The answer must consist solely of the lines from the line with "8月誕生石 ) K14ホワイトゴールド(WG) ペリドットピアス(ハートモチーフ)【SUEHIRO】" to the end of the data below, transcribed exactly and with no pictures.

━━━━━━━━━━━━━━━━━━━━━━━━━━━━━━

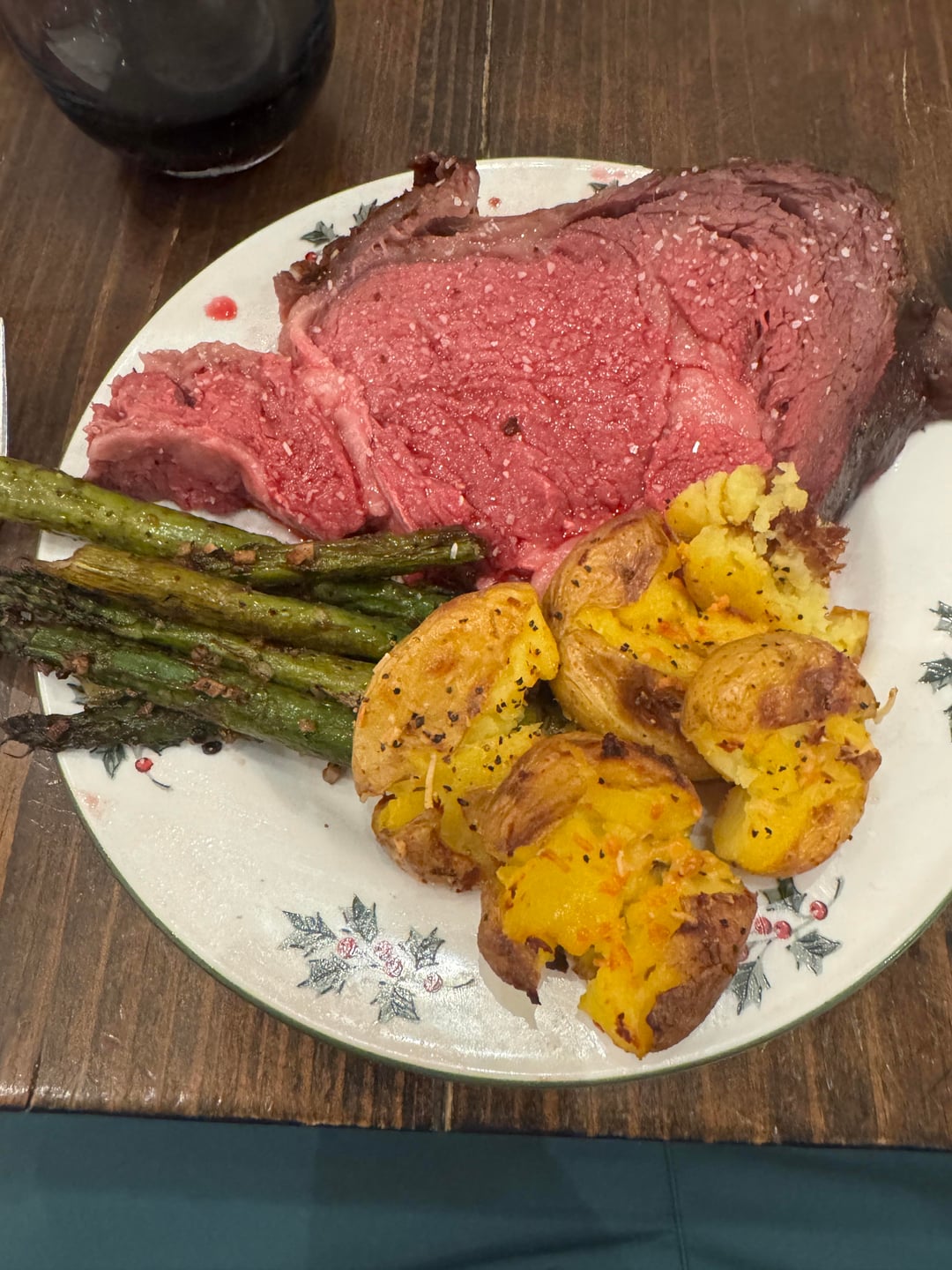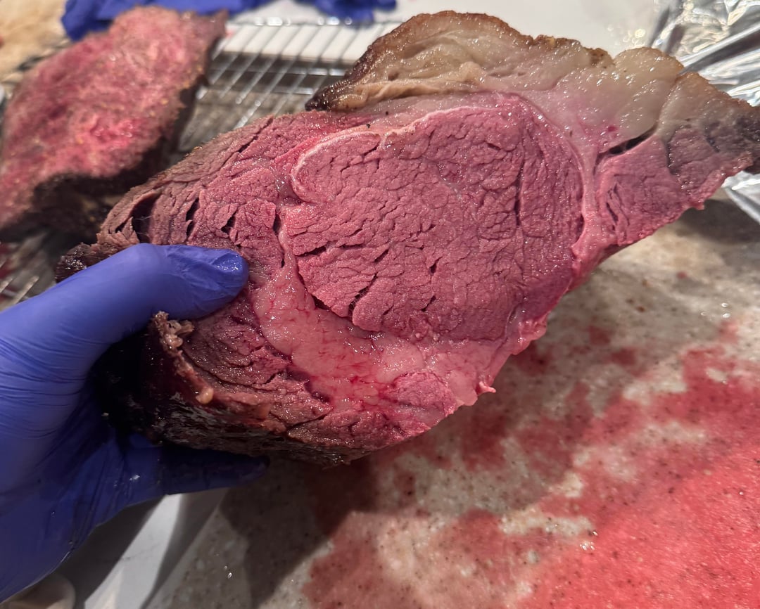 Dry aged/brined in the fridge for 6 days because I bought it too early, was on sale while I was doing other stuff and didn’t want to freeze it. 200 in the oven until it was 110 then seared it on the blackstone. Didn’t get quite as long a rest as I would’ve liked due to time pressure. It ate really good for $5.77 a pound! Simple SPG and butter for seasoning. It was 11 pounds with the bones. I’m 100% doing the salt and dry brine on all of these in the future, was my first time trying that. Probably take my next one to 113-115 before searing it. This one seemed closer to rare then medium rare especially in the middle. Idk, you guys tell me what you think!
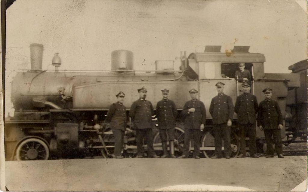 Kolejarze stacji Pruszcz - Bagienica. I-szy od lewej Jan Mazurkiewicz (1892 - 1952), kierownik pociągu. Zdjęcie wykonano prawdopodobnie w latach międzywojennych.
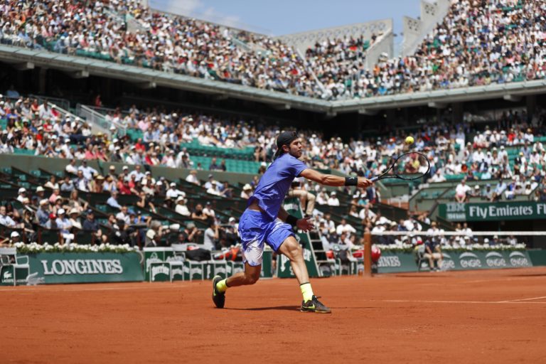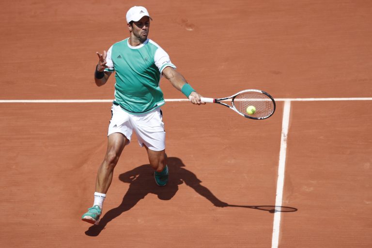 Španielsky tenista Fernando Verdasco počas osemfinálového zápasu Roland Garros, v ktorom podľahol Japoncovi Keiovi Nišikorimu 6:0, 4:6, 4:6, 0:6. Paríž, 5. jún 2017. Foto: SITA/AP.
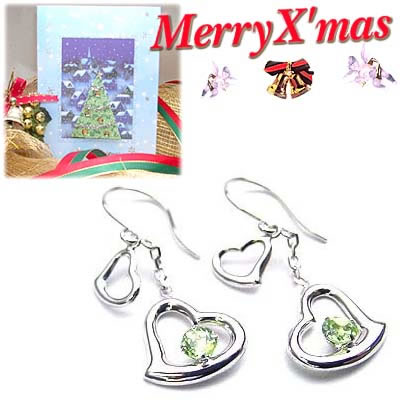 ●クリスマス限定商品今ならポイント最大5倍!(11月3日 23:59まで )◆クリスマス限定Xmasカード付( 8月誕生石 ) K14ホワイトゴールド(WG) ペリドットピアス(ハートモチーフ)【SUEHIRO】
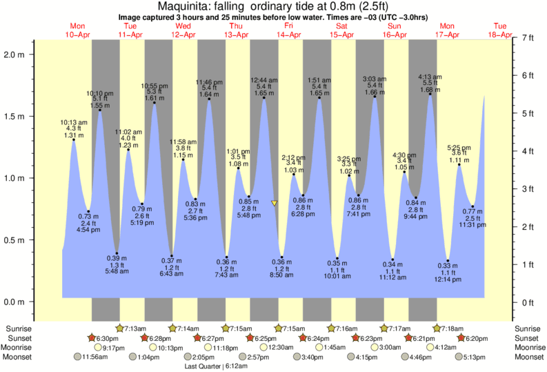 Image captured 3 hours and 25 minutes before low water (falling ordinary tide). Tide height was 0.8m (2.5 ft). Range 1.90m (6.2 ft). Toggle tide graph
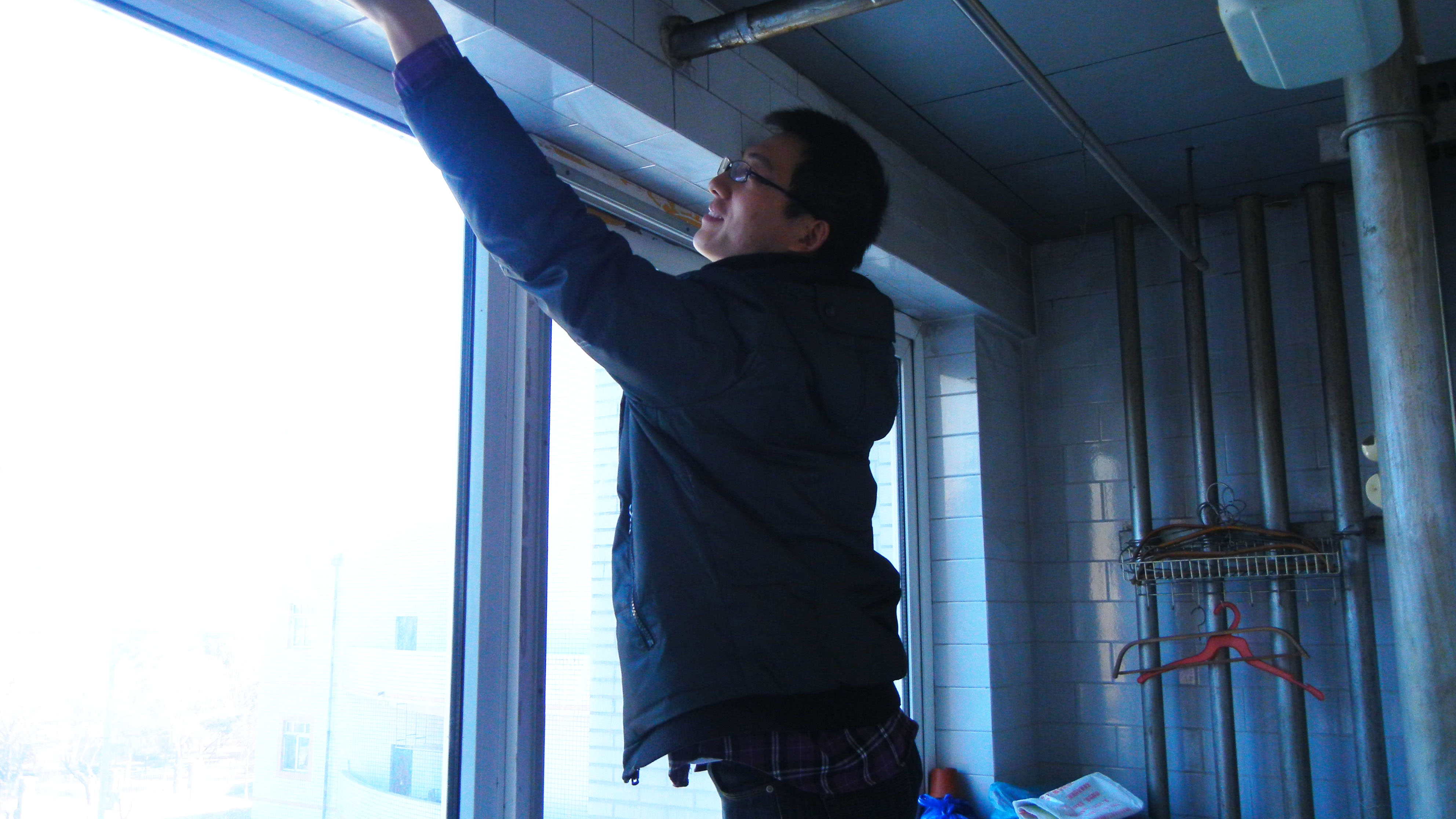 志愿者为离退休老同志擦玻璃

━━━━━━━━━━━━━━━━━━━━━━━━━━━━━━

**EXERCISE ANSWER**:
 ●クリスマス限定商品今ならポイント最大5倍!(11月3日 23:59まで )◆クリスマス限定Xmasカード付( 8月誕生石 ) K14ホワイトゴールド(WG) ペリドットピアス(ハートモチーフ)【SUEHIRO】
 Image captured 3 hours and 25 minutes before low water (falling ordinary tide). Tide height was 0.8m (2.5 ft). Range 1.90m (6.2 ft). Toggle tide graph
 志愿者为离退休老同志擦玻璃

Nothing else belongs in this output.